Color Field painters eschewed any indication of figuration in order to maximize the expressivity of color by using it in large fields that could engulf the observer when viewed closely.
Their artwork influenced many Post-Painterly Abstraction artists, including Morris Louis, Helen Frankenthaler, Jules Olitski, and Kenneth Noland, although the form was more essential to subsequent color Field painters than mythological content.
The History of the Color Field Painting Technique
In the late 1940s, Barnett Newman, Mark Rothko, and Clyfford Still were all working separately in the approach of color Field abstraction. Still is often credited with pioneering the genre with a series of works he displayed in 1947, but Newman was also influential in providing early conceptual contributions to the movement. In 1947, he also organized The Ideographic Picture for Betty Parsons Gallery, which brought together the three aforementioned artists and lead to the emergence of contemporary American art as a modern alternative to the primitive art movement.

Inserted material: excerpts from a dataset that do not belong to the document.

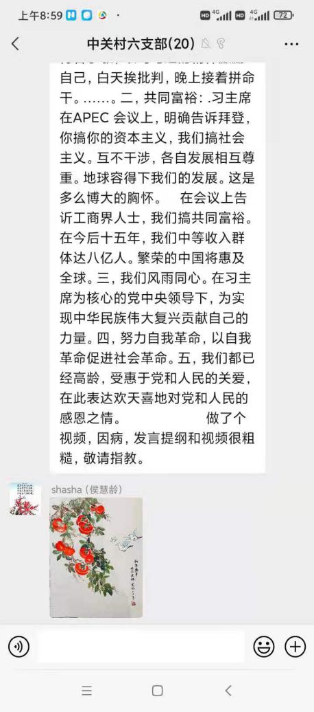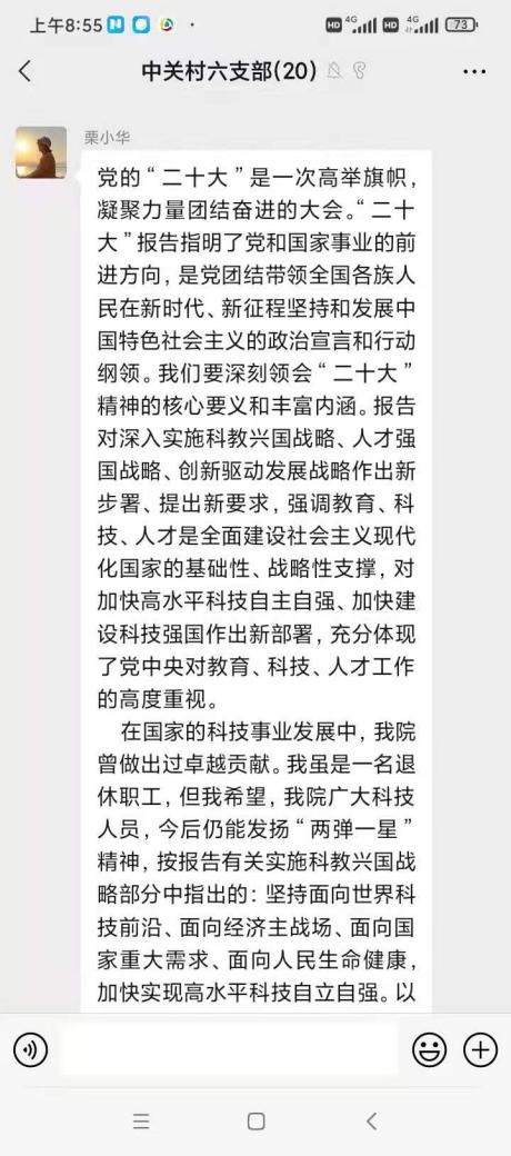根據(jù)局黨委部署,結(jié)合疫情防控要求,院機(jī)關(guān)離退休干部中關(guān)村第六黨支部(以下簡稱中關(guān)村六支部)在前期安排自學(xué)的基礎(chǔ)上,于2022年12月22日通過微信群召開支部大會,交流學(xué)習(xí)黨的二十大精神心得體會。支部書記栗小華同志主持會議。
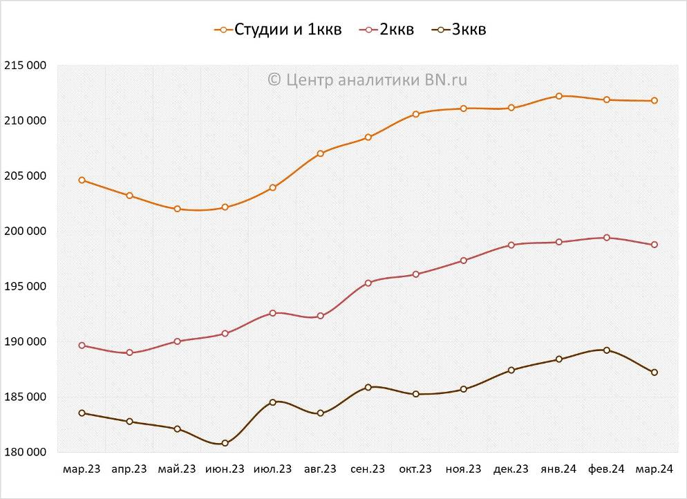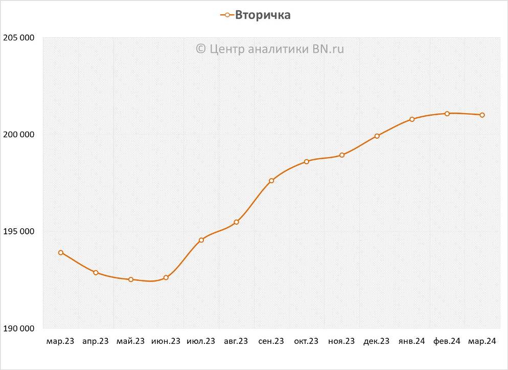 По подсчетам Центра аналитики BN.ru, средняя цена предложения на вторичном рынке типового жилья Санкт-Петербурга в марте изменилась на пренебрежимо малые -0,03% (это -66 руб. за кв. м). К началу апреля 2024-го она составила 201 тыс. руб. за кв. м.
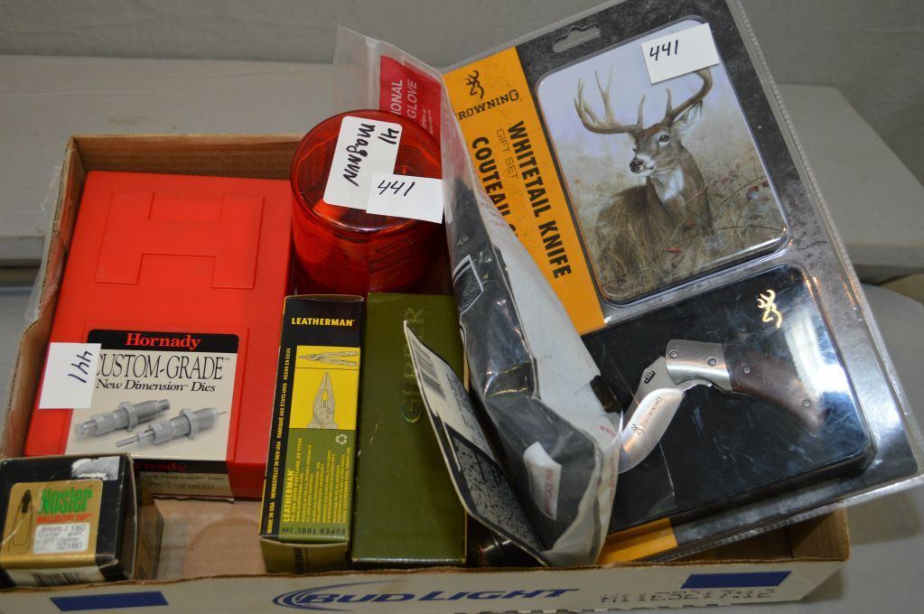 Tray Lot : PAST Handgun Shooting Gloves [ one pr new in orig bag ] - HKS Speed Loader .38/ 357 Mag fits Smith & Wesson Med frame, Ruger GP 100 new in orig pkg - Gerber Folding Hunter Knife [ w/ leather case, new in box ] - Leatherman Super Tool 200 [ new in box - Browning Whitetail Knife Gift Set [ new in pkg ] - Lee Die Set .41 Mag [ new ] - Hornady Die Set .480 Ruger / 475 Linebaugh [ new - 1 Box ( 100 per ) Nosler .8 MM 180 Gr Spitzer Bullets - Uniden Radios [ set of two with batteries and manual included, as new ]
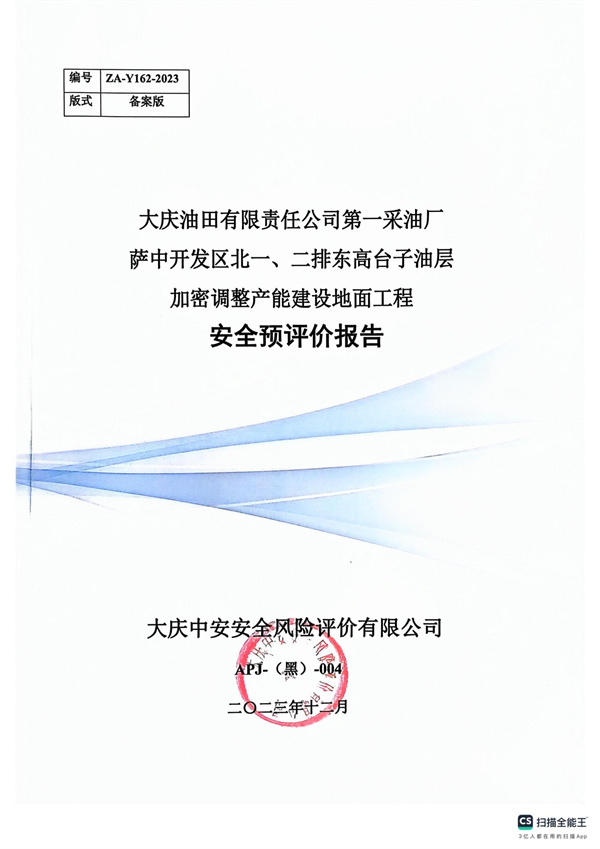 大慶油田有限責任公司第一采油廠薩中開發(fā)區(qū)北一、二排東高臺子油層加密調整產能建設地面工程安全預評價報告
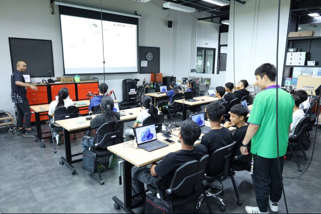 A key highlight of the program occurred on March 18, when the participants visited VISTEC to engage with cutting-edge technology. The sessions focused on Physical AI and robotics, moving beyond theoretical coding to show how intelligence is integrated into hardware to interact with the physical world.
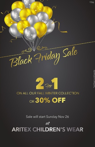 ד”סב Black Friday Sale 2 1 *excl basics and Layette For ON ALL OUR FALL WINTER COLLECTION OR 30% OFF Sale will start Sunday Nov 26 at ARITEX CHILDREN'S WEAR 7 5425 Casgrain #602 514 271 1461
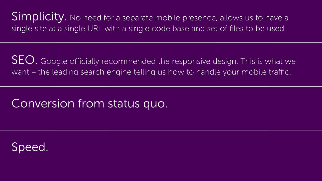 to have a single site at a single URL with a single code base and set of files to be used. SEO. Google officially recommended the responsive design. This is what we want – the leading search engine telling us how to handle your mobile traffic. Conversion from status quo. Speed.

Early Days of the Color Field Painting Genre
“It was encapsulated in the notion of the ideograph, which is defined as a symbol, character or figure that communicates the concept of an object without stating its name”, according to a dictionary Color Field painting definition. Newman was looking for an abstract art form that would exclude any figurative elements.
If regarded as a living object, an abstract form may be a conduit for an abstracted thought complex.
Who’s Afraid of Red, Yellow, and Blue I (1966) by Barnett Newman, located in a private collection; Barnett Newman, Public domain, via Wikimedia Commons
It would appear more present and real than a purely abstracted shape from the natural world or an object. Because of the successful approaches that Rothko, Newman, and Still were taking, Abstract Expressionism began to separate into two distinct trends by the late 1940s: gesture painting and Color Field painting. Nevertheless, this formal divide was not widely acknowledged by critics until the 1950s.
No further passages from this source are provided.